But society has decided, of its own free will and through its own mechanisms,
not to allocate living wages to doing those things. Complaining that broke and
unemployed people don't form (uncapitalized) work teams to perform pro-bono
labor on behalf of Society and the Nation and Humanity simply isn't fair game,
even if the things you'd like them to work on seem necessary or beneficial to
you. If _you_ think the Greater Glory of Something is so important, _pay for
it_.

------
pastProlog
> Marx didn’t say much use­ful about how to fix the prob­lem

Nor did he intend to say much. He famously said "I don't write recipes for the
kitchens of the future". He gave advice to organizers in his day, and left the
future for those in the future, with the material conditions and relations of
production they would have.

> there isn’t a pro­le­tari­at any more

In the world of 1867, the proletariat was rather small. The world just shifted
from majority rural to majority urban/suburban a few years ago. The
proletariat is larger than it ever was. You can argue if it will ever be a
vanguard revolutionary class or not, but it has not disappeared.

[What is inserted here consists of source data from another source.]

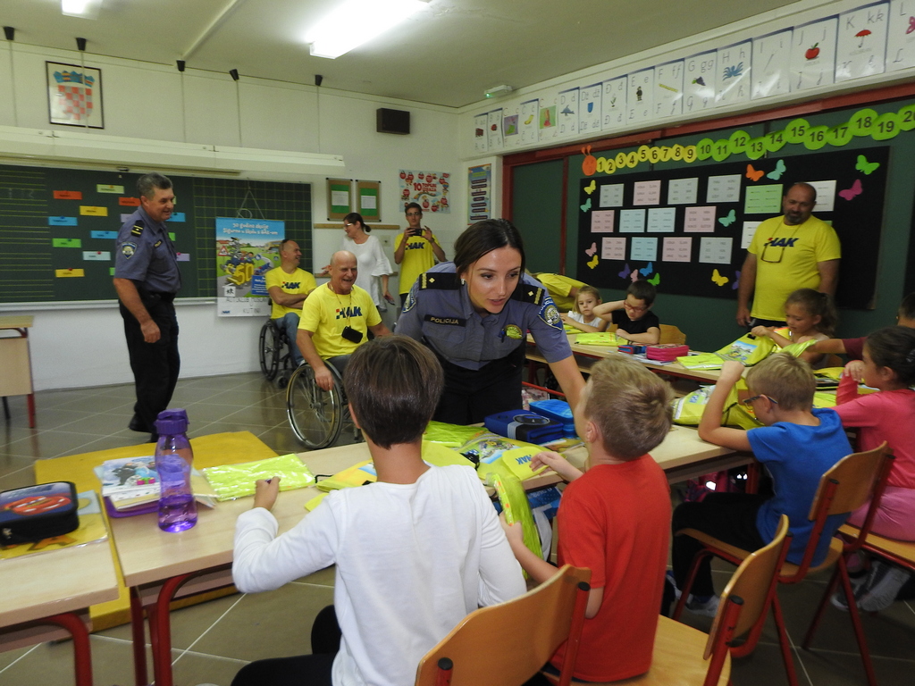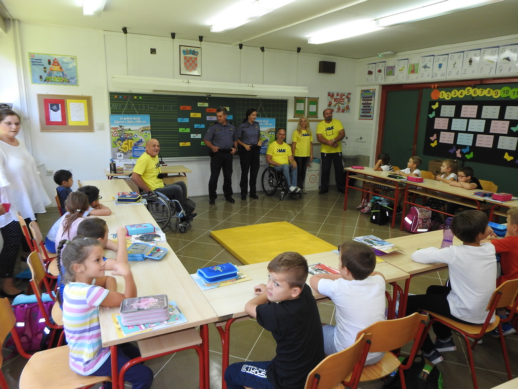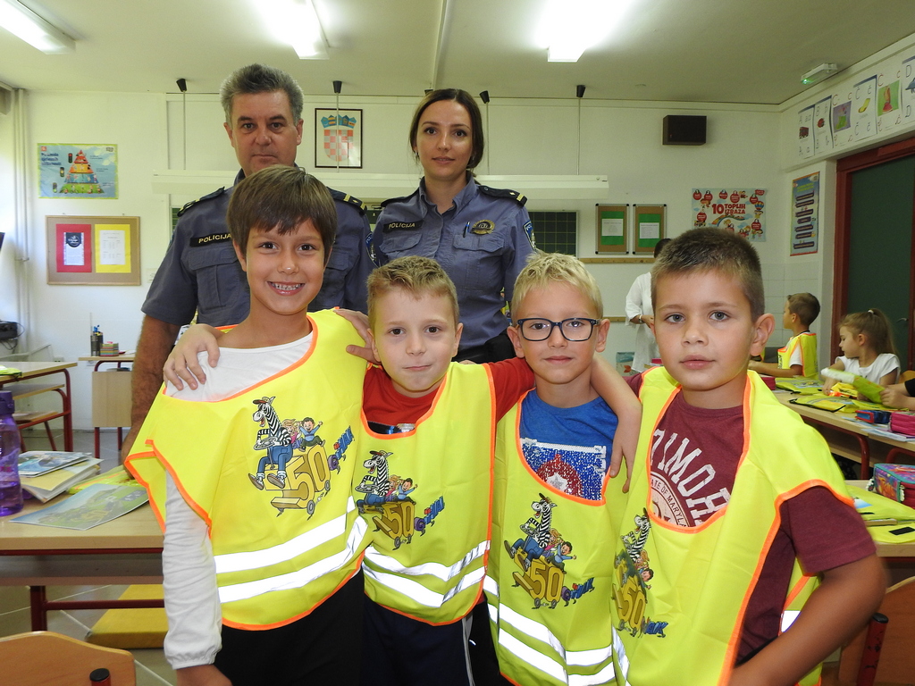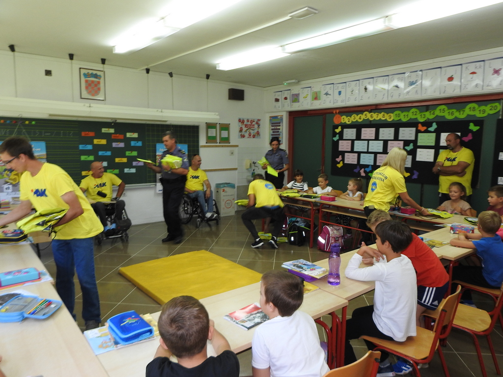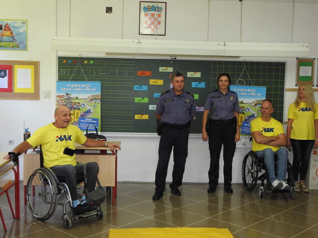 Hrvatski autoklub organizira prometno-edukativnu akciju "Sigurno u školu s HAK-om" na početku svake školske godine. Tako su i,ove godine, članovi AK Moslavina i djelatnici PP Kutina posjetili prvi razred naše škole. Održali su kratko predavanje za učenike koji prvi puta samostalno sudjeluju u prometu i upoznali ih s osnovnim prometnim pravilima. Na kraju druženja učenicima su uručeni prigodni darovi s edukativnim materijalima, kabanice i prsluci. Djeca su bila oduševljena, aktivno su sudjelovala u razgovoru s prometnim policajcem te radosno isprobala svijetleće kabanice i prsluke.
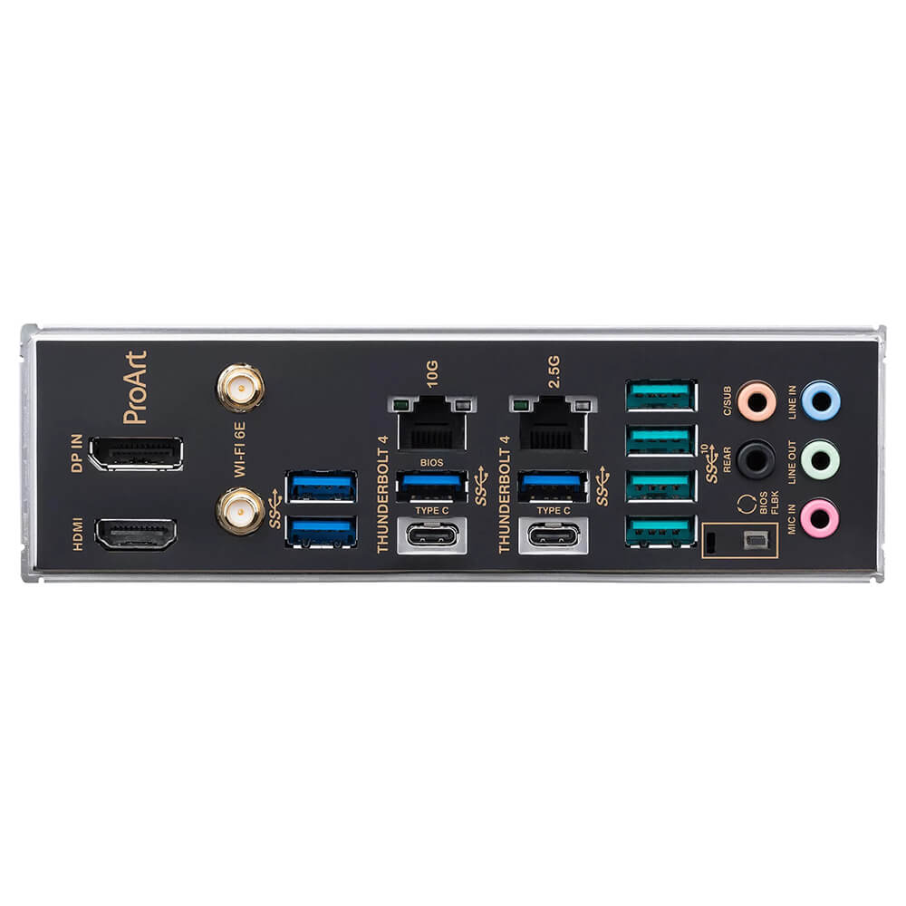 | Back Panel I/O Ports | 2 x Thunderbolt™ 4 USB Type-C® port(s) 4 x USB 3.2 Gen 2 port(s) (4 x Type-A) 4 x USB 3.2 Gen 1 port(s) (4 x Type-A) 1 x DisplayPort (Input only) 1 x HDMI® port 1 x Intel® I225-V 2.5Gb Ethernet port 1 x Marvell® AQtion AQC113CS 10Gb Ethernet port 1 x ASUS Wi-Fi Module 5 x Audio jacks 1 x BIOS FlashBack™ button |
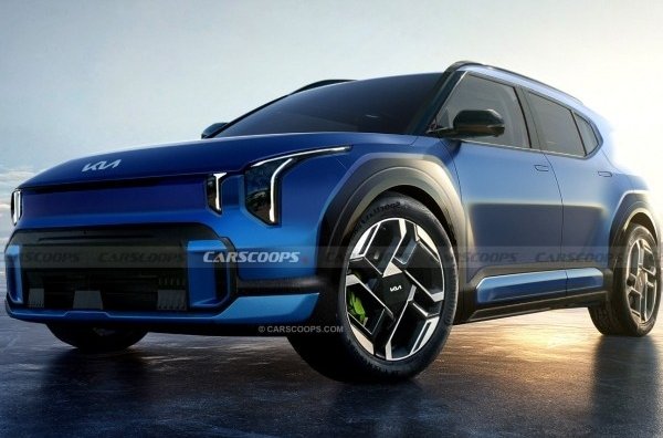 Дизайн EV2 збереже компактні міські пропорції у поєднанні з рисами кросовера. Передня частина вирізнятиметься вертикально розділеними фарами та світлодіодними ходовими вогнями у формі гачків, що тягнуться на передні крила. Версія GT отримає агресивніший вигляд із великою нижньою решіткою у стилі EV9, контрастними чорними вставками, великими алюмінієвими колесами діамантового фрезерування та яскраво-зеленими гальмівними супортами. Кузов матиме розширені колісні арки, масивний захист нижньої частини, майже вертикальну лінію даху та задні ліхтарі з гострою геометрією, інтегровані в облицювання задніх крил.
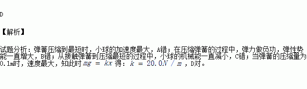 B.从接触弹簧到压缩至最短的过程中,弹簧的弹性势能先增大后减小
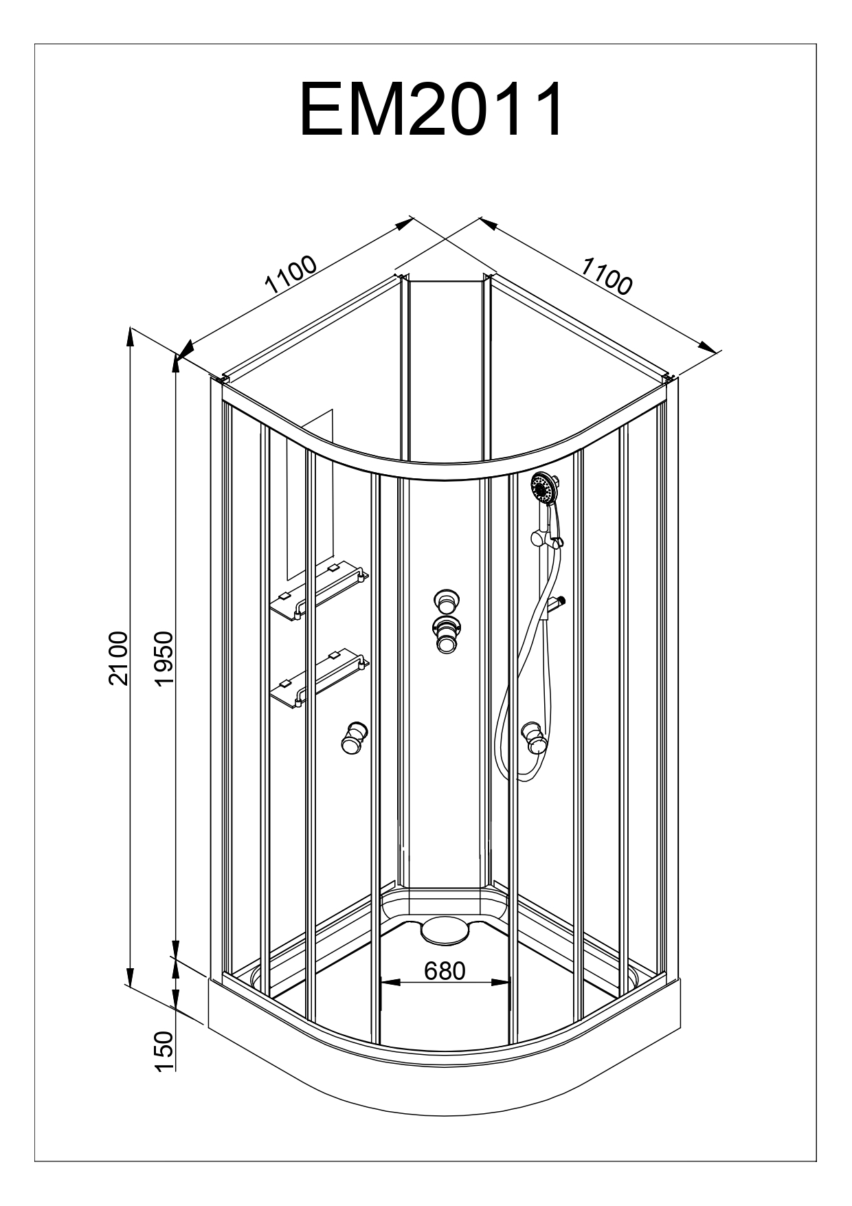 Гидробокс Avacan 110x110 см EM2011NLED+GM, хром/узор (безсиликоновая сборка)

One point Marx and Engels made is the world has seen several economic systems
over the past 10,000 years - primitive communism, slavery, feudalism and
capitalism. The last three systems all collapsed under the weight of their own
contradictions. Marx and Engels believed capitalism would run its course and
eventually collapse under the weight of its own contradictions just like the
previous economic systems. Capitalism has only become predominant relatively
recently historically.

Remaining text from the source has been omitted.